Minha reconstituição teve trilha sonora oferecida por minha vizinha, Adélia. Uma precoce viúva de uns 50 anos que mora sozinha e que, diferente dos sinos, ainda não identifiquei nenhum padrão para suas rotinas de ensaio. Ela já se apresentou em pomposos concertos por todo mundo, e quando não está em turnê, o Theatro Municipal de São Paulo é sua segunda casa. Adélia prefere roupas largas e elegantes, assessórios pequenos, e usa sempre um coque bem feito; é perfeccionista com seu penteado assim como é com sua afinação. Não, eu nunca a vi, muito menos me falaram sobre ela. Tudo que sei é baseado em sua voz, repertório e enorme talento. Quando canta é sempre uma ópera, bem bonita, às vezes bem dramática, às vezes melancólica, sempre emocionante. Fico pensando como deve ser quando acompanhada por uma grande orquestra. Esporadicamente, Adélia prefere tocar só uma melodia em seu piano, e quando reconheço a música, sua letra, que ela escolhe não cantar, parece decifrar a minha alma. Hoje, Adélia escolheu uma ópera que quase era possível tocar sua tristeza. Em alguns momentos sua respiração se perdia por um soluço, quase um choro, toda uma angústia que ela transforma em beleza e que generosamente divide com alguns quarteirões do bairro de Santa Cecília. Esta Santa, que tão pouco se sabe, teria cantado a Deus ao morrer, daí o título de padroeira dos músicos e da música sacra. Sinto que Adélia canta com um desalento seguido de redenção que se assemelham a isso. O canto, os suspiros, os sons e ao final um segundo de silêncio que é possível ouvir e que, seu pudesse apostar, é o que antecede a morte.
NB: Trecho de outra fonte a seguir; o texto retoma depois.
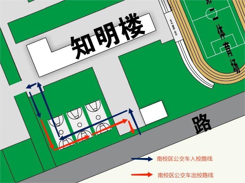 南校区校园公交车路线: 由知明楼前大门入校-左转至广场南侧道路-广场西侧道路-调头停放在广场西侧道路停车点-出校。

Embalada pela música, incorporo a cientista forense em busca de alguma pista, qualquer mínimo rastro, que explique o que aconteceu naquela noite. Examino nas taças se há marcas de batom ou cheiro de cigarro. Vasculho o lixo atrás de um bilhete, de um recibo, de um preservativo… Nenhum perfume nem nas fronhas, nem no lençol. O chão está impecavelmente limpo. Procuro até no ralo cabelos que não sejam meus. E, principalmente, crio coragem e me investigo. Sexo realmente tem cheiro, mas a única coisa que sinto é o meu próprio. Pego meu celular, nada de mensagens, nada de chamadas feitas ou recebidas. Olho o aplicativo e minha última corrida foi mesmo do trabalho para a casa. Entro nos meus contatos, e enquanto desço a barra de rolagem na esperança de encontrar um número salvo com o nome a pessoa que eu não me lembro e passou a noite aqui, sou interrompida por uma mensagem:
Já acordei, se quiser pode vir buscar o Zeca. =D
Socorro, o Zeca! Este mistério, claro eufemismo para completo nonsense, me fez esquecer dele, ou seja, de tudo. Confesso que não é a primeira vez que ele tem que passar a noite na casa da monitora da creche pois não consegui busca-lo a tempo. A escolinha funciona até às 19h. Quem, em São Paulo, consegue chegar em qualquer lugar em uma sexta-feira, a esse horário? Talvez os que tenham helicóptero… Creches facilitam a nossa vida, mas também tencionam nosso pescoço com seus rigorosos horários de entrada, sem dizer o de saída. Quase 10 da noite, ao avisar Rita que eu já estava a caminho, recebi o sucinto comunicado de que Zeca tinha brincado o dia todo e, assim como ela, já estava na cama. Uma forma educada de dizer que ir buscá-lo àquela hora só iria incomodá-la ainda mais. Zeca adora Rita, e a adoração é recíproca. Assim, quando cometo essas falhas, penso se tratar de uma festa do pijama, uma noite na casa de amigos. Rita também tem filhos. Ele deve estar adorando. E minha culpa me faz acreditar cegamente em cada palavra.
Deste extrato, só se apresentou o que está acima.